The Audit and Finance Committee ("Committee") of the Board of Directors shall consist of a minimum of three directors, all of whom shall be independent directors and comply in all respects with the standards established from time to time by the Securities and Exchange Commission ("SEC") and the New York Stock Exchange ("NYSE"). Members of the Committee shall be appointed by the Board of Directors upon recommendation of the Governance and Nominating Committee and may be removed by the Board of Directors in its discretion. All members of the Committee shall have sufficient financial experience and ability to enable them to discharge their responsibilities and at least one member shall be an "audit committee financial expert" as defined by the SEC.
2004 Committee Charter : CBB
The purpose of the Committee shall be to assist the Board of Directors in its oversight of the integrity of the financial statements of the Company, of the Company's compliance with legal and regulatory requirements, of the independence and qualifications of the independent auditor, and of the performance of the Company's internal audit function and independent auditors.
In furtherance of this purpose, the Committee shall have the following authority and responsibilities:
(2) To establish procedures with management and the independent auditor, as appropriate, for the dissemination of earnings press releases and financial information and earnings guidance provided to analysts and to rating agencies.
(3) To select the independent auditor to examine the Company's accounts, controls and financial statements. The Committee shall have the sole authority and responsibility to select, evaluate and, if necessary, replace the independent auditor. The Committee shall have the sole authority to approve all audit engagement fees and terms. Moreover, the Committee, or through the Committee Chair between regularly scheduled meetings, must pre-approve all services provided to the Company by the Company's independent auditor.
(4) To discuss with management and the independent auditor, as appropriate, any audit problems or difficulties and management's response, the Company's risk assessment and risk management policies, including the Company's major financial risk exposure and steps taken by management to monitor and mitigate such exposure.
(5) To review with management and the independent auditor the Company's financial reporting and accounting standards and principles, significant changes in such standards or principles or in their application, and the key accounting decisions affecting the Company's financial statements, including alternatives to, and the rationale for, the decisions made.
(6) To review and evaluate the performance of the internal auditing function as well as the system of internal controls and the results of internal audits.
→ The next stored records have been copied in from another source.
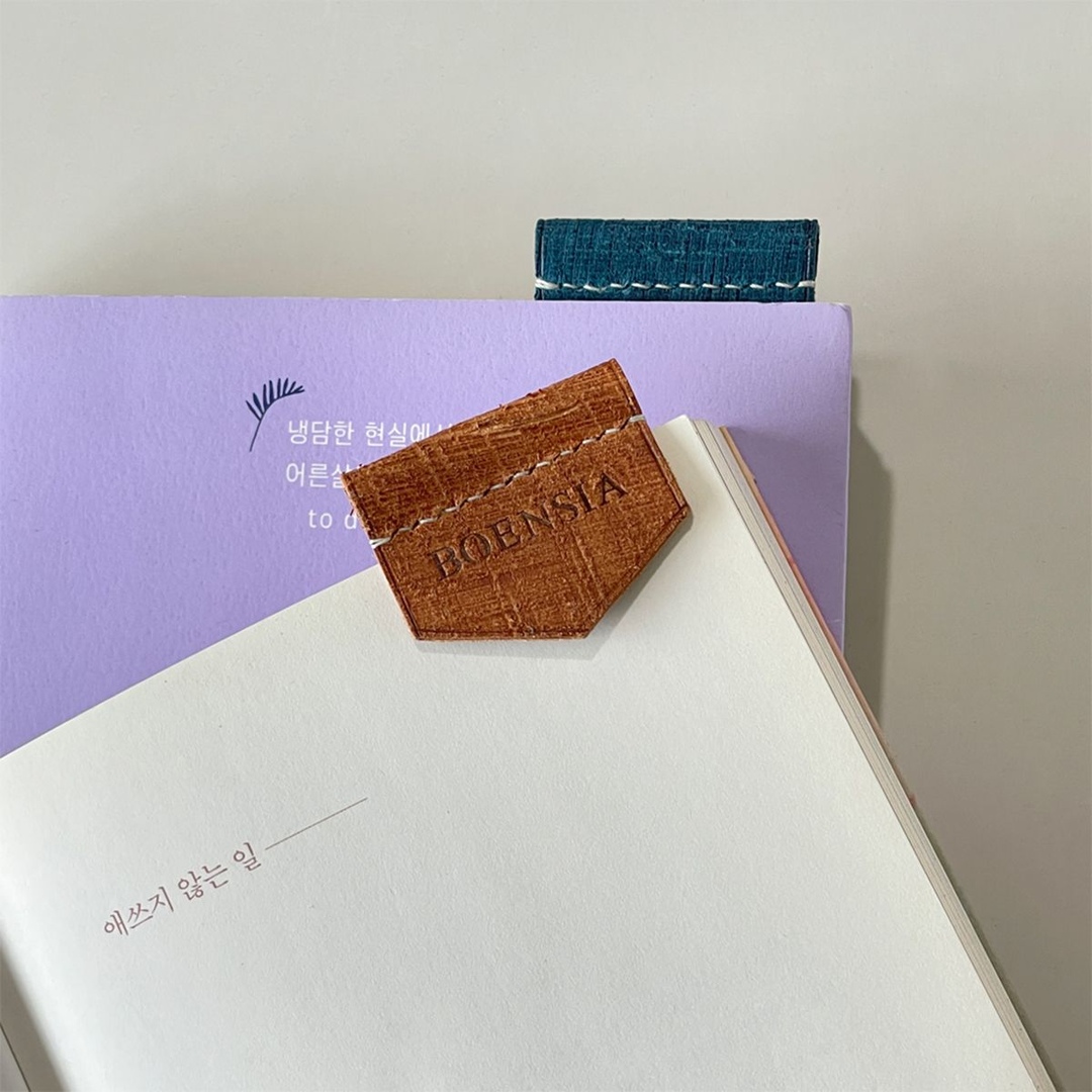 1+1 이태리 그리드 가죽 이니셜 각인 수제 책갈피 북마크 북클립 ver4
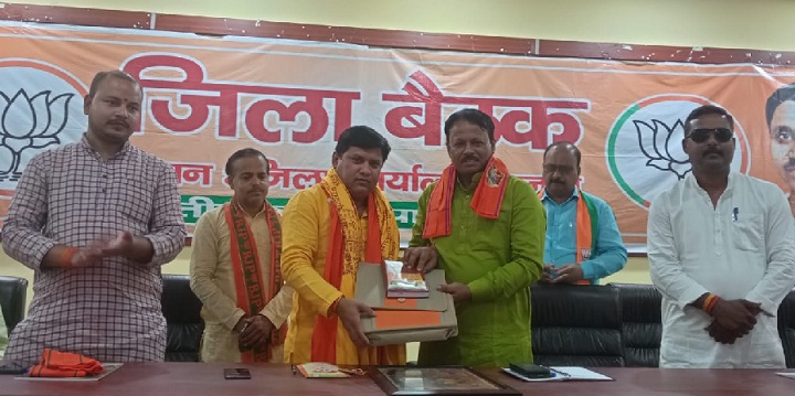 गोंडा। भाजपा किसान मोर्चा की बैठक जिला कार्यालय पर जिलाध्यक्ष भाजपा अमर किशोर कश्यप ‘बमबम’ की अध्यक्षता में सम्पन्न हुई। बैठक में मुख्य अतिथि के रूप में क्षेत्रीय उपाध्यक्ष बृजेश सिंह एवं विशिष्ट अतिथि के रूप में प्रदेश सह मीडिया प्रभारी किसान मोर्चा शुभम् त्रिपाठी उपस्थित रहे। अध्यक्ष और मुख्य अतिथि ने दीन दयाल उपाध्याय एवं श्यामा प्रसाद मुखर्जी के चित्र पर माल्यार्पण कर बैठक आरंभ की। भाजपा किसान मोर्चा के जिला मीडिया प्रभारी शिवांशु मिश्र ने बताया कि बैठक में मुख्य रूप से देश के यशस्वी प्रधानमंत्री नरेन्द्र मोदी के कार्यकाल के आठ वर्ष पूर्ण होने के उपलक्ष्य में भाजपा किसान मोर्चा द्वारा आयोजित होने वाले कार्यक्रमों की रूपरेखा तय की गई। मुख्य अतिथि ने विधानसभा वार पदाधिकारियों को दायित्व सौंपा। बैठक में उपस्थित कार्यकर्ता एवं पदाधिकारीगण भाजपा जिला महामंत्री राकेश तिवारी, हंसराज सिंह पूर्व जिलाध्यक्ष किसान मोर्चा, देव नारायण मिश्रा, धर्म पाल सिंह जिला महामंत्री भाजपा किसान मोर्चा, सचिन वाल्मीकि, पवन सिंह जिला उपाध्यक्ष भाजपा किसान मोर्चा, दुर्गेश गुप्ता, बृजेश तिवारी, बिंदेश्वरी वर्मा, पवन सिंह, श्रीचंद्र तिवारी, सालिक राम, रविन्द्र सिंह, राजेंद्र प्रसाद पांडेय, रवि प्रकाश तिवारी, सुशील कुमार श्रीवास्तव, पंकज कुमार, शुभम यादव, प्रमोद पांडेय, राजकुमार वर्मा आदि उपस्थित रहे।
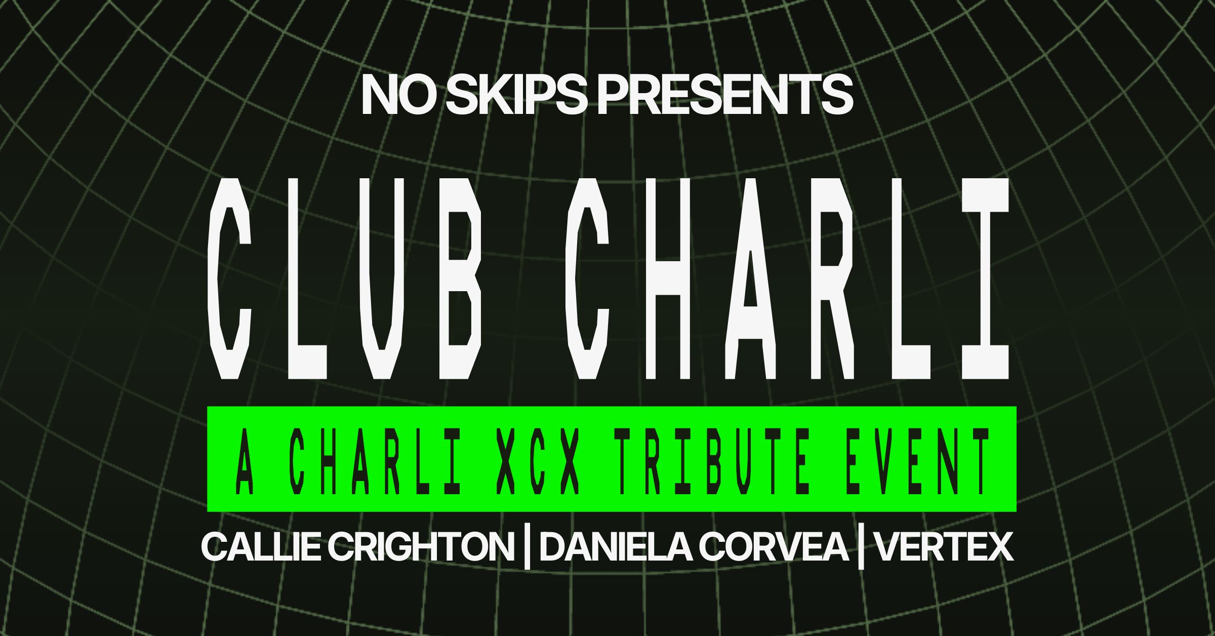 Callie Crighton, Daniela Corvea, and Vertex are bringing a night of Charli bangers. Early blog era cuts, pop classics, club edits, the chaotic emotional songs, the euphoric songs, and her collaborations with Troye Sivan and Billie Eilish to name a few.
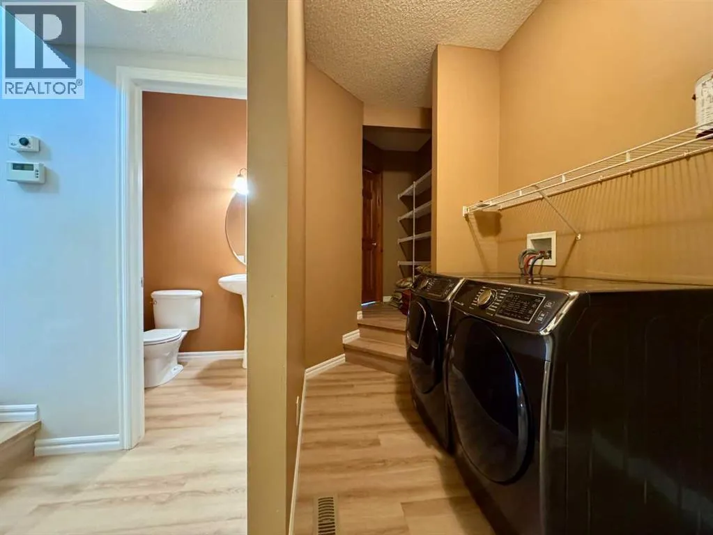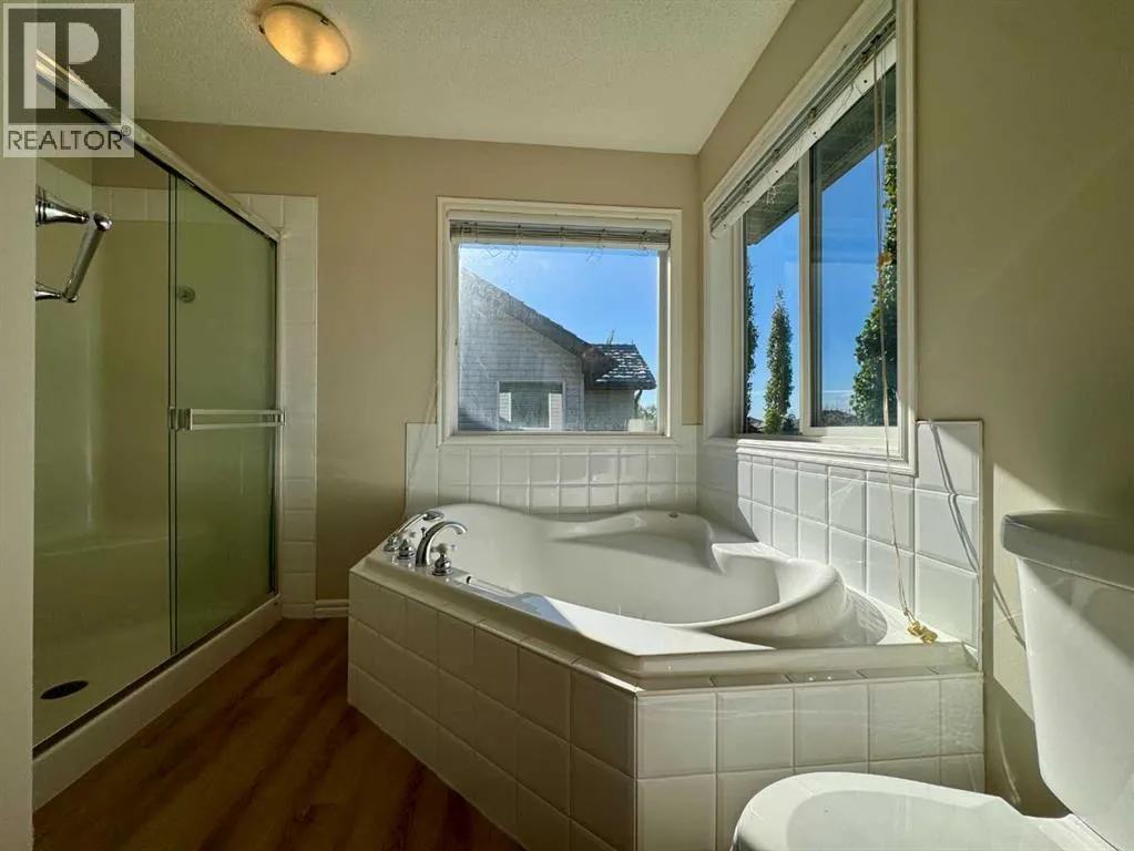 Renovated 3 bedroom 2.5 bathroom detached house in a quiet community, offering over 2500 sq ft of living space. In addition to the living room, there is a large, bright bonus space on the upper level with high ceilings. The upper level features great family layout, including a primary bedroom with large ensuite bathroom and walk in closet, along with two other bedrooms and another full bathroom. Recent renovations include new flooring, quartz countertops, sinks, faucets, interior paint, and stove. Enjoy the private fenced backyard, open plan kitchen and large finished basement. Park in the double car garage or the two car driveway. The property backs onto path leading to a playground. Easy access to highway 1A and Calgary, and a short drive to the mountains. (id:27476)
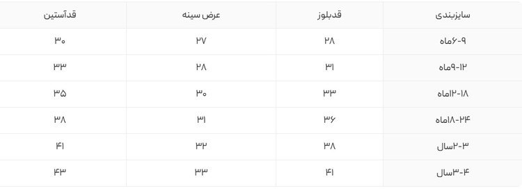 سایزبندی از ۶ ماه الی ۴ سال
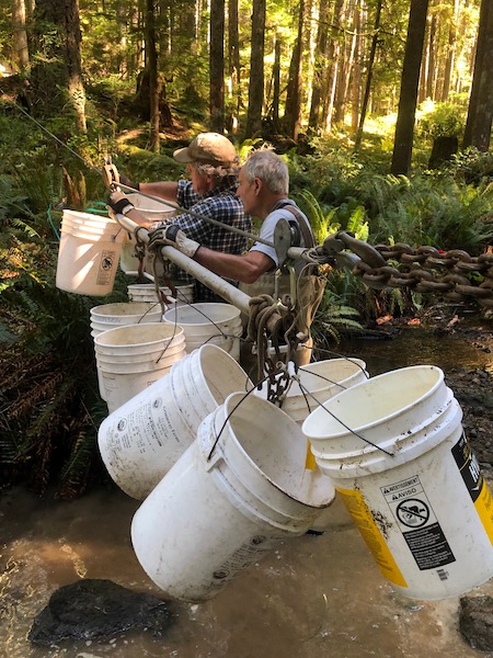 How many people does it take to move 9000 pounds of spawning gravel? Twenty-one sweaty, hard-working volunteers!
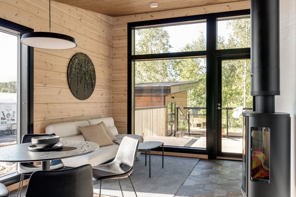 Декоративная внешняя отделка домам из клееного бруса не нужна. В целом, если вас устраивает жизнь в деревянном доме, и вам не хочется разнородных материалов и разнообразия видов отделки, то дома из клееного бруса предполагают отличную визуализацию концепции — построил, и заехал. Конечно, необходимо будет выкрасить стены и потолки. Краски могут быть, как укрывные, чтобы забить структуру дерева, так и лессирующие, чтобы оставить ее. По желанию, можно поработать с санузлами, например, положить там керамическую плитку, чтобы дополнительно защитить помещение от влаги. Стены же можно спрятать и зашить. Важно понимать, что вы ожидаете от интерьера. Единственный минус, если вы не предполагаете дополнительной отделки, это необходимость заранее продумать все коммуникации, особенно, это касается электрики. Но даже из такой ситуации есть выход, есть вариант так называемой «винтажной электропроводки» — если она вас устраивает, то тогда можно ни о чем не переживать и не думать заранее.
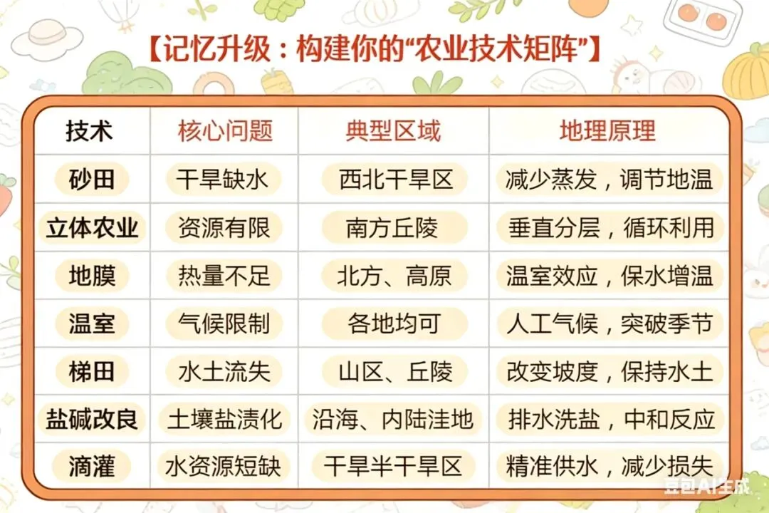 农业技术是人类智慧的地理表达。当你在考场上看到一幅农田景观、一段农业描述,希望这些技术能成为你解码地理关系的钥匙。记住,技术只是手段,背后的人地关系思想,才是地理学科真正的灵魂。
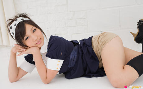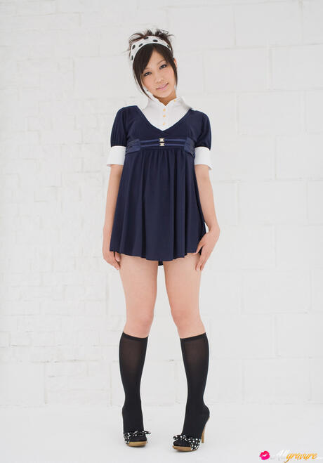 All Gravure: Fantastic Asian maid Yuri Kodo strips her black dress & shows her hot ass
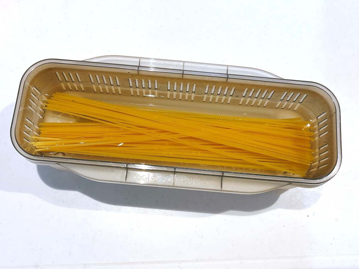 今回は、1人分茹でるために鍋を使うのが面倒くさかったので(笑)、スリーコインズのパスタ調理器を使用しました。
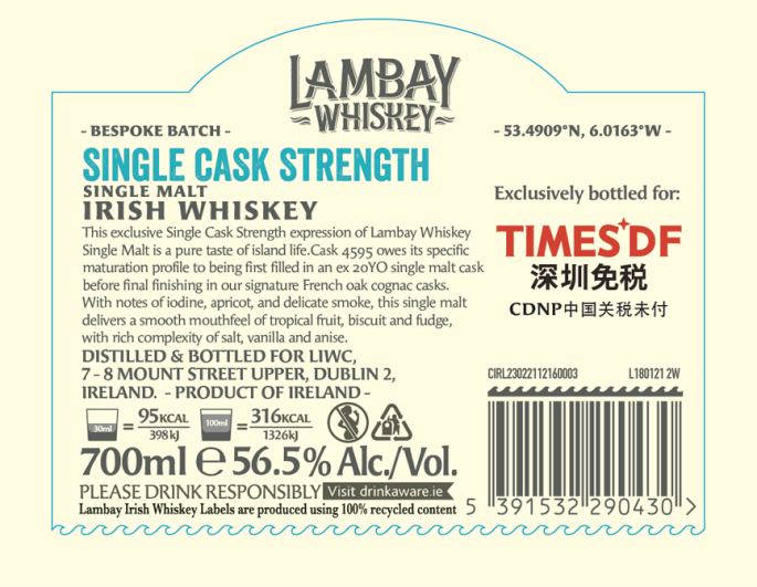 近日,深免海口观澜湖免税城推出了卡慕蓝嵌桶强威士忌定制版,这款桶号4595的蓝嵌威士忌是卡慕为深圳免税独家定制,全球仅此单桶,限量发售414瓶臻品,每瓶均有独立编号及典雅木盒包装,酒标标注“深圳免税”独家定制。
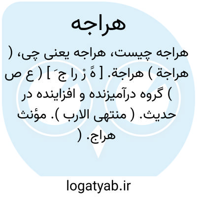( هراجة ) هراجة. [ هََ رْ را ج َ ] ( ع ص ) گروه درآمیزنده و افزاینده در حدیث. ( منتهی الارب ). مؤنث هراج. ( از اقرب الموارد ).
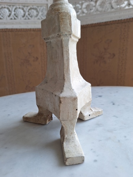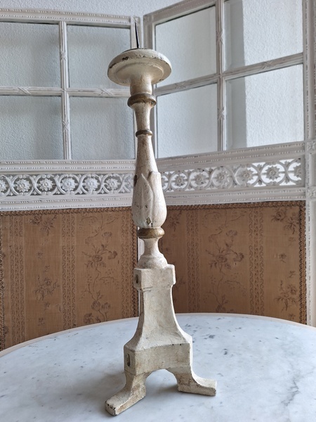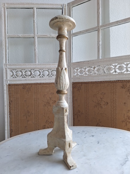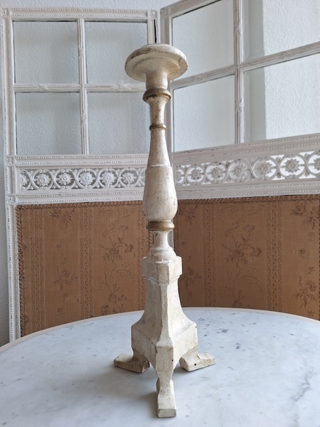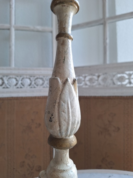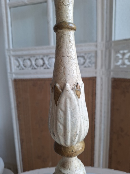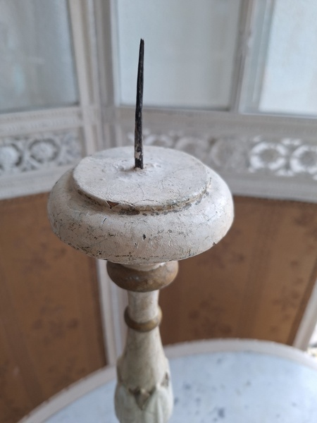 アンティークウッドキャンドスティック/キャンドルホルダーです。カトリック教会で使用されていた物です。こちらは南フランスで見つけたイタリア製のキャンドルスティックです。南フランスへはイタリアから販売に来られるディーラーさんも多いのでこういった物が南仏で手に入ります。シャビーテイストが何とも言えず一目惚れしたお品です。とても気に入っていたので我が家で3本使っています。2本くらいから使われるとおしゃれですよ。もし希望がありましたら1本、お譲りさせていただきます。大変古い物です。虫食いが見られますが1年以上こちらに置いてから販売していますのでご安心ください。イタリア製/1880-1900年代ごろ
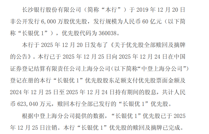 2025年12月26日晚,长沙银行公告称,于2019年12月20日非公开发行的6000万股优先股(发行规模60亿元,简称“长银优1”)已于2025年12月25日完成注销,累计支付票面金额及股息共计62.304亿元,并正式摘牌。

The Committee will also review and oversee the appointment, performance and replacement of the Company executive responsible for internal auditing.
(7) To obtain and review at least annually a formal written report from the independent auditor delineating: (i) the auditing firm's internal quality-control procedures; (ii) any material issues raised within the preceding five years by the auditing firm's internal quality-control reviews, by peer reviews of the firm, or by any governmental or other inquiry or investigation relating to any audit conducted by the firm, and any steps taken to deal with any such issues; and (iii) all relationships between the independent auditor and the Company.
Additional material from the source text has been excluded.